Termasuk saat ia berkeliaran di Gotham sebagai alter-egonya. Yang muncul di sini adalah Batman yang penuh amarah, berupaya mencari pembalasan atas traumanya yang belum tuntas sejak kecil.


Karakter Ikonis yang Penuh Magnet

The Batman. (Warner Bros Pictures)

Tak bisa dipungkiri, ketika awal diumumkan akan memerankan Batman, Robert Pattinson, dihujani tanda tanya. Tak sedikit yang merasa efek karakter vampir romantis terlalu melekat kepadanya.

Namun ia cukup berhasil menghidupkan karakter ini. Tertutup dan pemurung bak pemuda emo yang poninya menutupi wajah sebagai Bruce Wayne, dan berapi-api dalam jubah Batman.

Tak cuma Robert Pattinson, Zoe Kravitz juga tampil bersinar sebagai Selina Kyle yang penuh daya magnet. Begitupun dengan Andy Serkis pemeran Alfred, sang butler setia yang membawa sisi manusiawi dalam dinamika sang karakter utama. Terasa betul tensi antara dua tokoh ikonis ini saat Bruce Wayne membentak Alfred, "Kamu ini bukan ayahku!"


Beraksi Bak Detektif

The Batman. (Jonathan Olley/Warner Bros. Pictures via AP)

The Batman memang menampilkan adegan aksi yang cukup beragam. Mulai dari pertarungan jarak dekat, kejar-kejaran dengan Batmobile, pun manuver dengan beragam peralatan Batman. Namun porsinya tak sebanyak “permainan otak” Batman.

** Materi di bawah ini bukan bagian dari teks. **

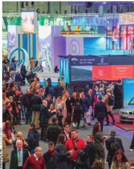
FERIA INTERNACIONAL DE TURISMO (FITUR) evento que se celebra anualmente en la ciudad de Madrid, España.

Hago el comentario porque en otra nota leí el tamaño de deuda que nos dejará la administración de Don Andrés por el capricho absurdo de la cancelación del NAIM misma que existirá hasta el año 2047 quedando pendientes de pago mil 158 millones de dólares por bonos de ese proyecto. Con simple matemática y sin ser un analista podemos darnos cuenta de todo el dinero que se

Superhero tanpa kekuatan super ini lebih sering diperlihatkan beraksi bak detektif polisi di film kriminal. Memecahkan petunjuk dan teka-teki, mencari barang bukti, sampai adegan menyusupkan mata-mata untuk mengumpulkan informasi.

Menarik, memang. Tapi mengingat durasinya yang nyaris tiga jam, di beberapa bagian filmnya terasa kendor dan berlama-lama berkutat di satu titik.


Metamorfosis Batman

Di luar ini, sutradara Matt Reeves—yang juga ikut menulis naskah—menyisipkan satu topik yang terasa sangat familier dengan kondisi di dunia nyata.

Bahwa kelakuan para pejabat Gotham yang korup dan bobrok, bukan hal yang asing di kehidupan yang sebenarnya. Bahwa orang-orang yang diberi amanah untuk melindungi dan memberantas kejahatan, justru menjadi sosok terdekat yang bergandengan tangan dengan penjahat kakap.

Di akhir film, metamorfosis karakter Batman pun terasa lengkap. Kalau sudah begini, tak ada jalan lain. Kami tunggu jilid selanjutnya dari Batman versi Pattinson.